#### [EXERCISE]
Pictures are not part of the copy; retype all the records below exactly.

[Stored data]
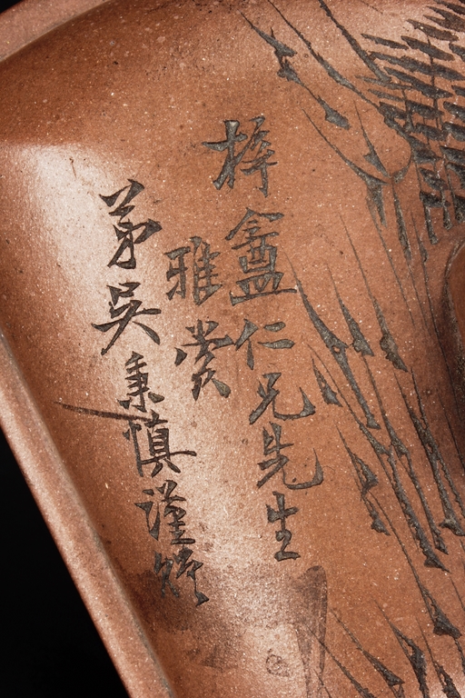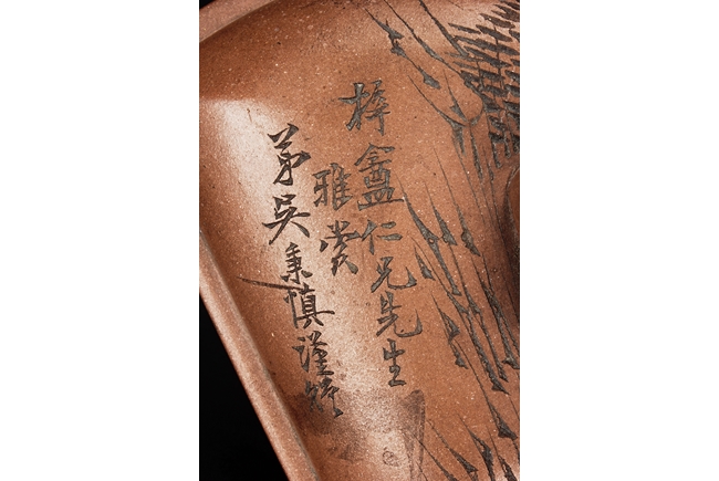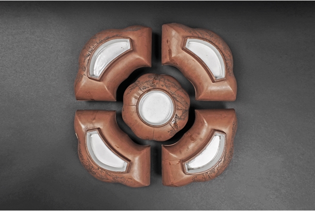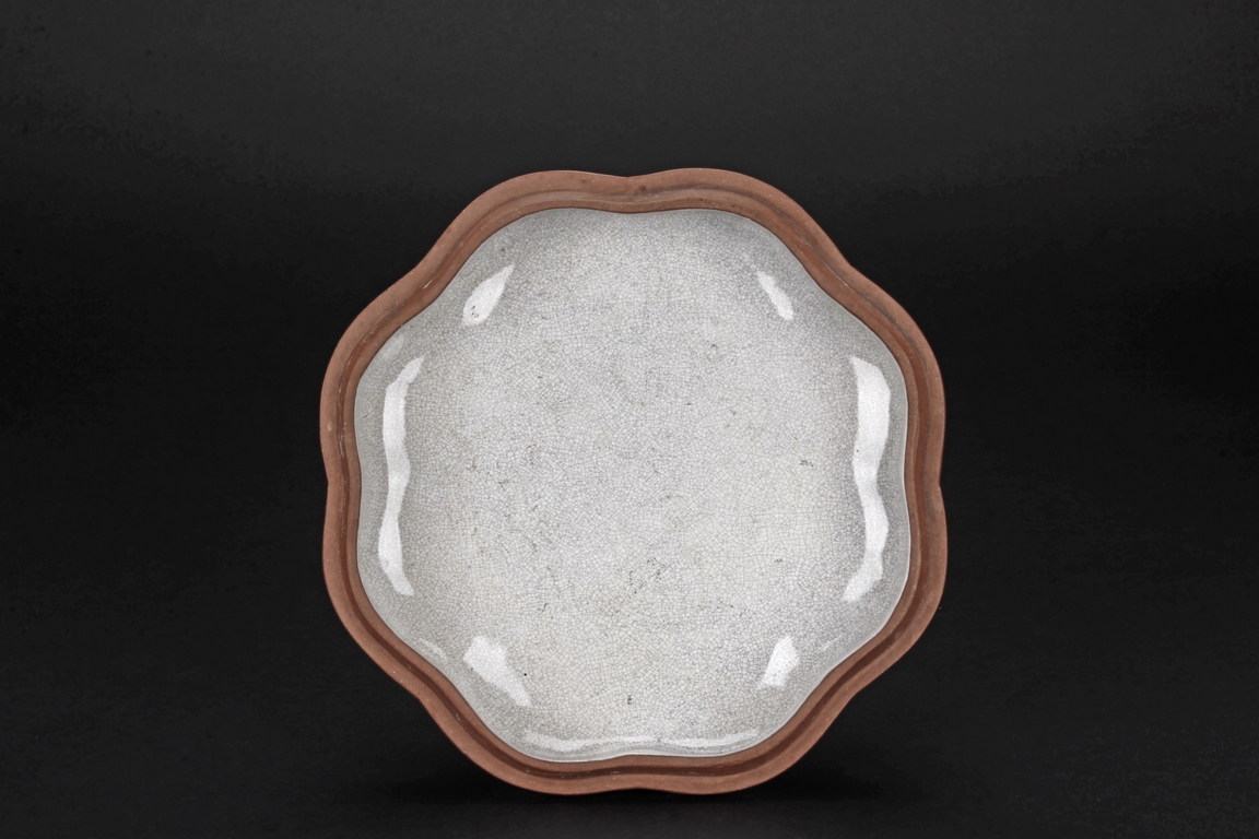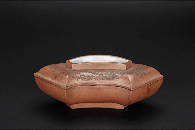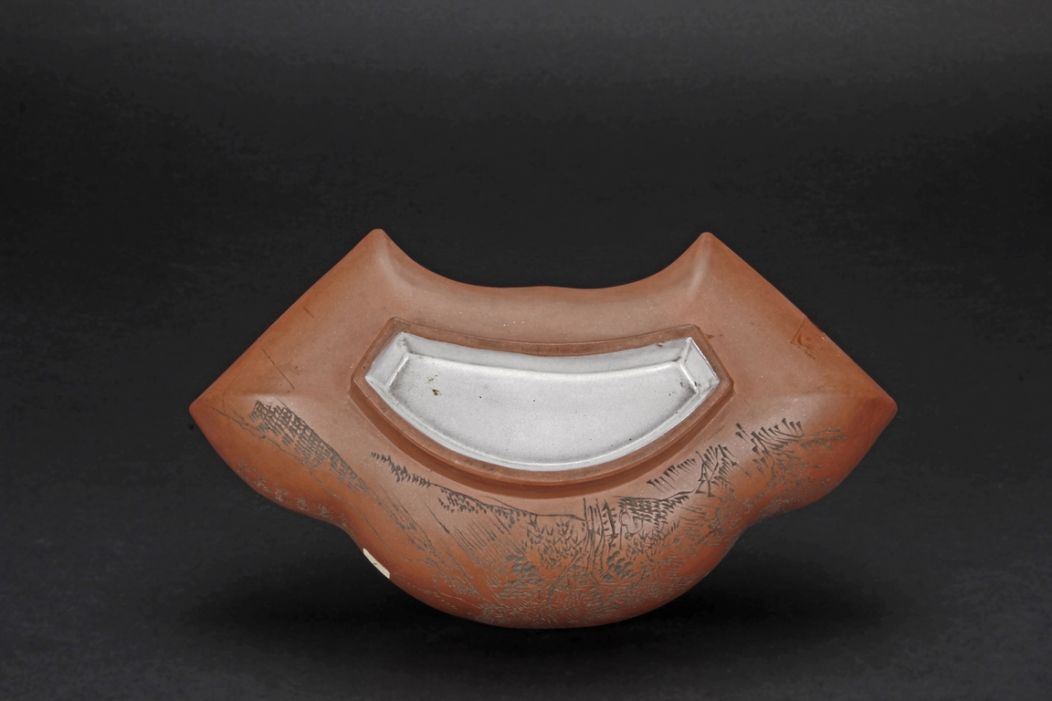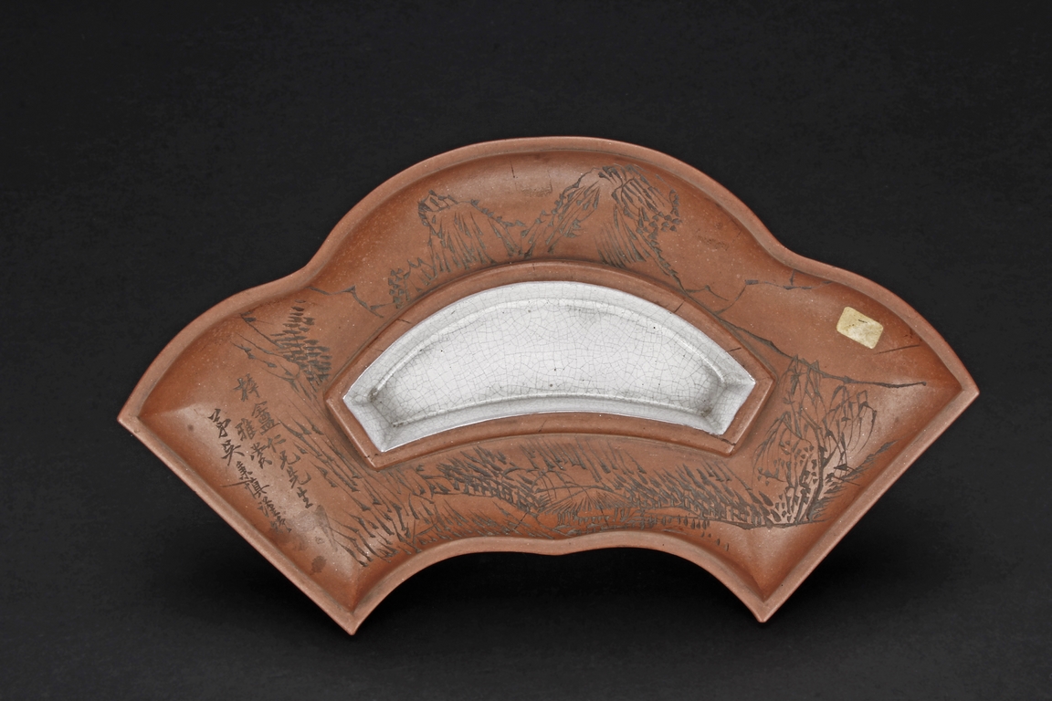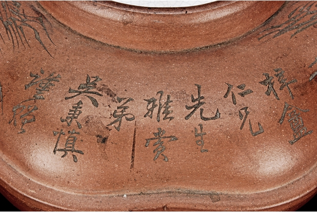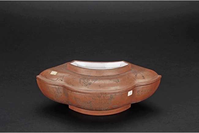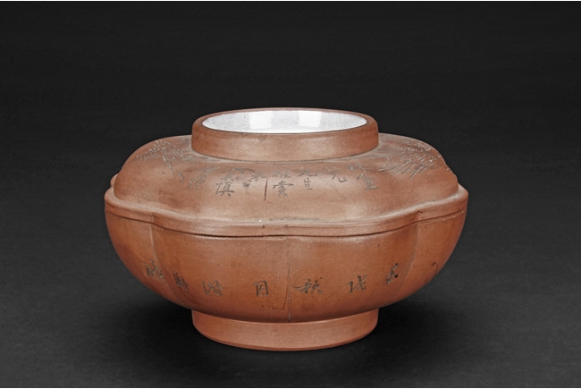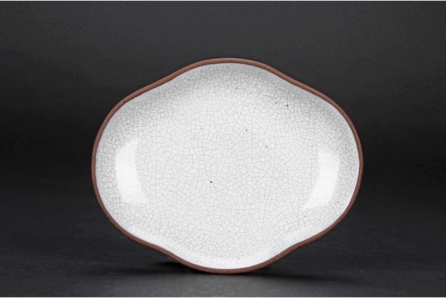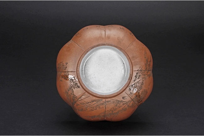本餐具組共分為十個湯匙,十個碗,十個碟,四組蓋碗,圍成一個圓,中間放一葵花形蓋碗,內外全部施釉,并鐫刻山水詩文。民國時期潛陶氏製作。
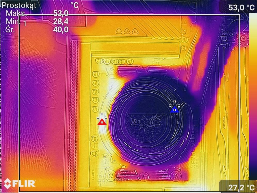 Sekcja zachowuje się zgodnie z oczekiwaniem – jest bardzo chłodna. Bez problemów możecie mocno podkręcać każdy procesor dostępny na platformę AM5.
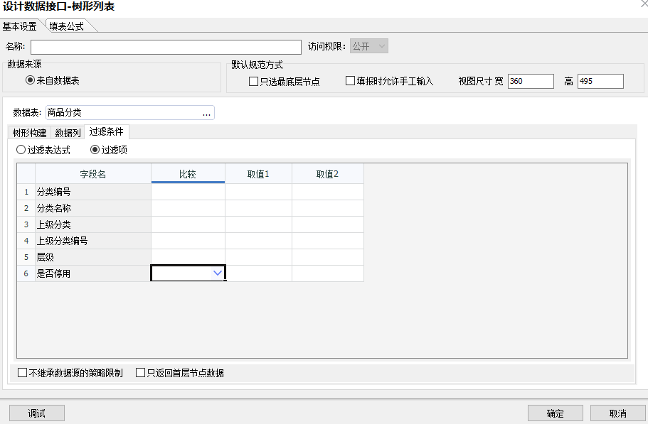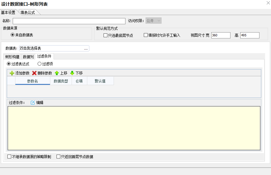 过滤条件:树形列表数据接口的过滤条件与其他类型接口的过滤条件使用方式相同,都是可以通过数据源的字段内容进行过滤,也可以通过添加参数变量的方式进行过滤
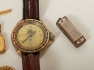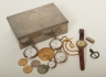 3 st fickur bl.a. Omega, i st mormorsur, en rysk klocka automat (fungerar), några medaljer m.m. i tennask. Slitage samt skador.
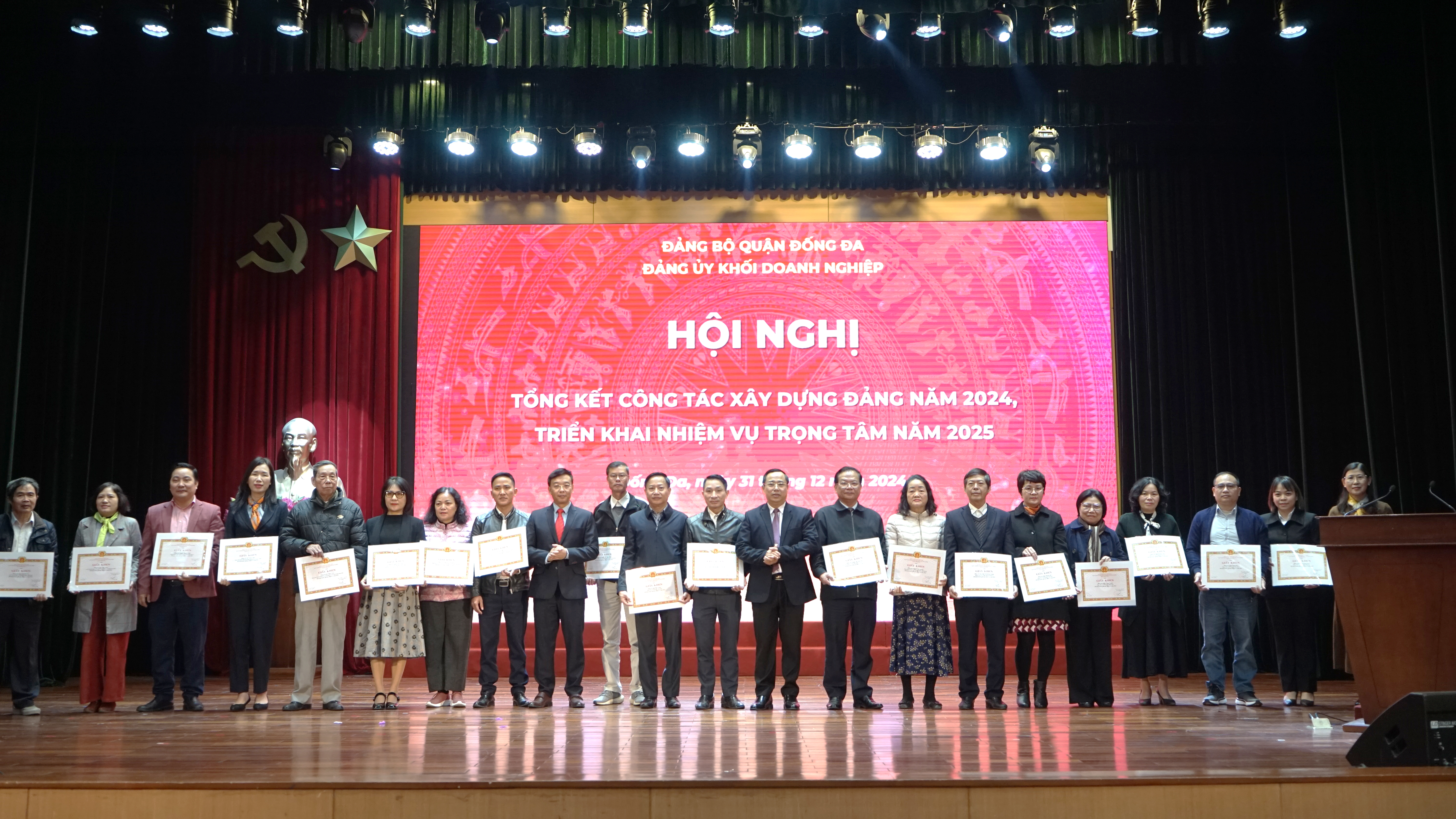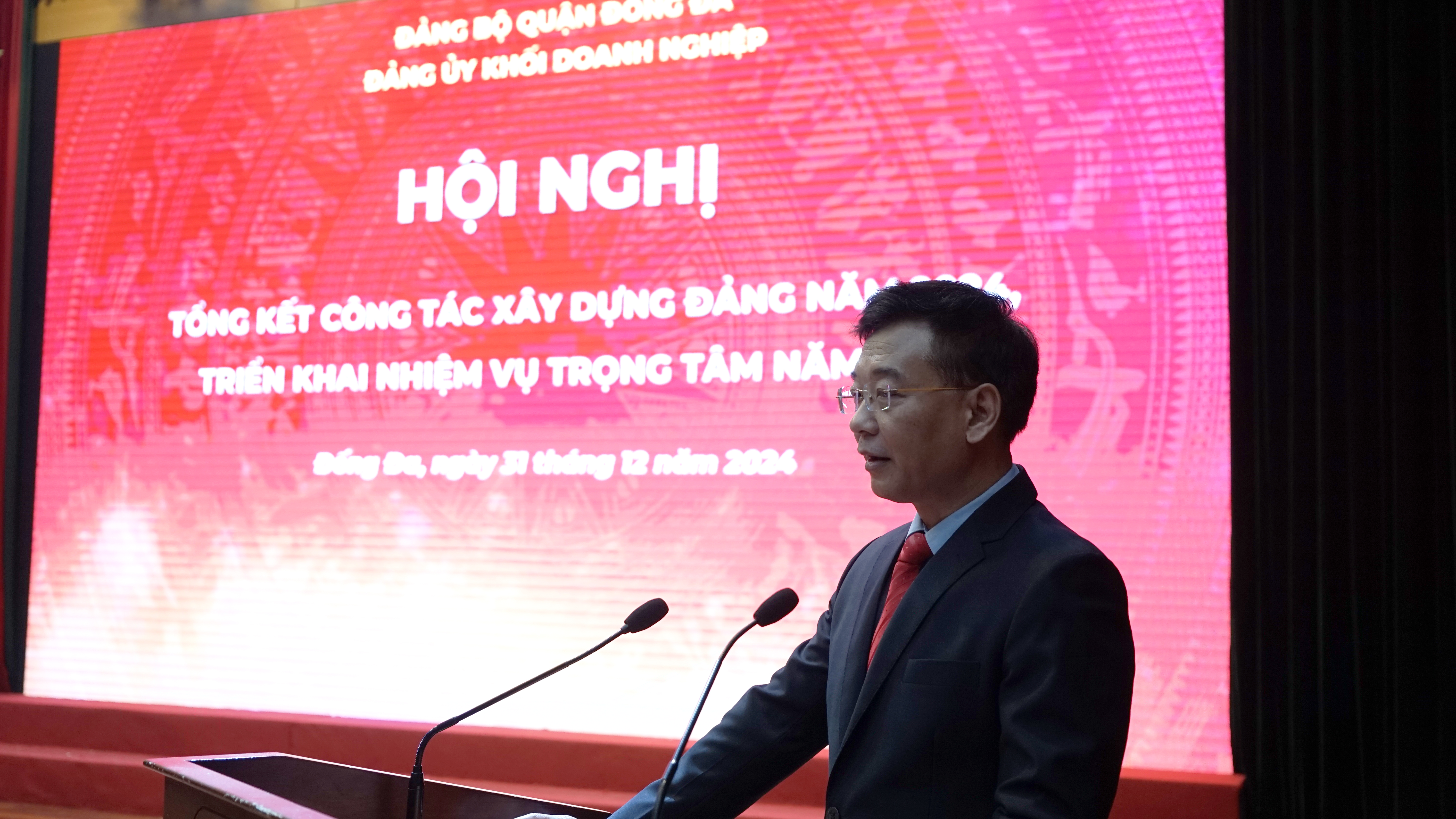Cũng trong sáng ngày 31/12, Đảng ủy Đảng bộ Khối doanh nghiệp quận Đống Đa tổ chức Hội nghị triển khai đợt sinh hoạt chính trị, nghiên cứu, quán triệt, tuyên truyền tư tưởng, chỉ đạo, định hướng lớn của Đảng và đồng chí Tổng Bí thư Tô Lâm về 'Kỷ nguyên mới - Kỷ nguyên vươn mình của dân tộc'.
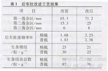 托棉板宽度缩短,落杂区宽度加大,增加了后车肚落棉,减少了糊漏底现象,降低了生条含杂,提高了生条质量。
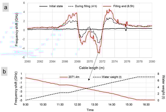 Figure 4a presents the Rayleigh frequency shift along the cable during filling (dashed line) and after filling (red line). The two lines show two positive peaks around the tank sides with different magnitudes, indicating uplift, and negative values in the middle (at the tank position), indicating subsidence, with respect to the different magnitudes in each stage. During the filling process, the positive frequency reached a maximum of +3 GHz for both sides (2068 m, 2073 m) and a minimum of −3 GHz at 2071.4 m. After the filling process, the magnitude increased on both sides at the same positions, reaching +3.9 GHz, +5 GHz, and −5 GHz, respectively.
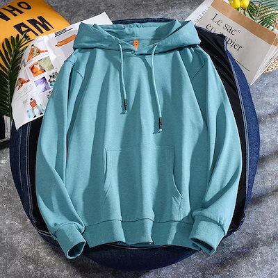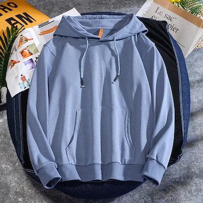 レイヤードトップス長袖ブラウス?無地スウェットメンズレディース作ゆったりフード付き長袖トップス2025トレンドはビッグロゴ!
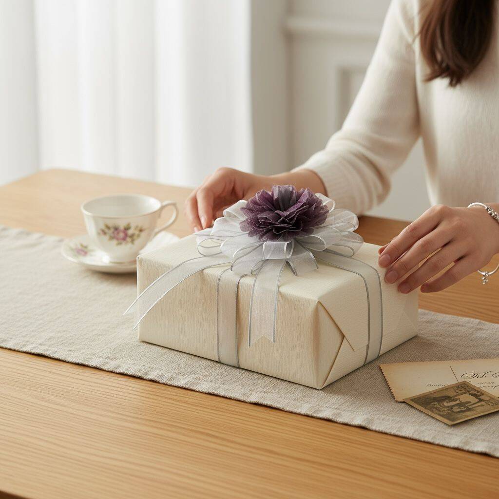 Bohça Süsü Organze Güllü Mor-Gri

#### [RESULT FOR THIS EXERCISE]
本餐具組共分為十個湯匙,十個碗,十個碟,四組蓋碗,圍成一個圓,中間放一葵花形蓋碗,內外全部施釉,并鐫刻山水詩文。民國時期潛陶氏製作。
 Sekcja zachowuje się zgodnie z oczekiwaniem – jest bardzo chłodna. Bez problemów możecie mocno podkręcać każdy procesor dostępny na platformę AM5.
 过滤条件:树形列表数据接口的过滤条件与其他类型接口的过滤条件使用方式相同,都是可以通过数据源的字段内容进行过滤,也可以通过添加参数变量的方式进行过滤
 3 st fickur bl.a. Omega, i st mormorsur, en rysk klocka automat (fungerar), några medaljer m.m. i tennask. Slitage samt skador.
Cũng trong sáng ngày 31/12, Đảng ủy Đảng bộ Khối doanh nghiệp quận Đống Đa tổ chức Hội nghị triển khai đợt sinh hoạt chính trị, nghiên cứu, quán triệt, tuyên truyền tư tưởng, chỉ đạo, định hướng lớn của Đảng và đồng chí Tổng Bí thư Tô Lâm về 'Kỷ nguyên mới - Kỷ nguyên vươn mình của dân tộc'.
 托棉板宽度缩短,落杂区宽度加大,增加了后车肚落棉,减少了糊漏底现象,降低了生条含杂,提高了生条质量。
 Figure 4a presents the Rayleigh frequency shift along the cable during filling (dashed line) and after filling (red line). The two lines show two positive peaks around the tank sides with different magnitudes, indicating uplift, and negative values in the middle (at the tank position), indicating subsidence, with respect to the different magnitudes in each stage. During the filling process, the positive frequency reached a maximum of +3 GHz for both sides (2068 m, 2073 m) and a minimum of −3 GHz at 2071.4 m. After the filling process, the magnitude increased on both sides at the same positions, reaching +3.9 GHz, +5 GHz, and −5 GHz, respectively.
 レイヤードトップス長袖ブラウス?無地スウェットメンズレディース作ゆったりフード付き長袖トップス2025トレンドはビッグロゴ!
 Bohça Süsü Organze Güllü Mor-Gri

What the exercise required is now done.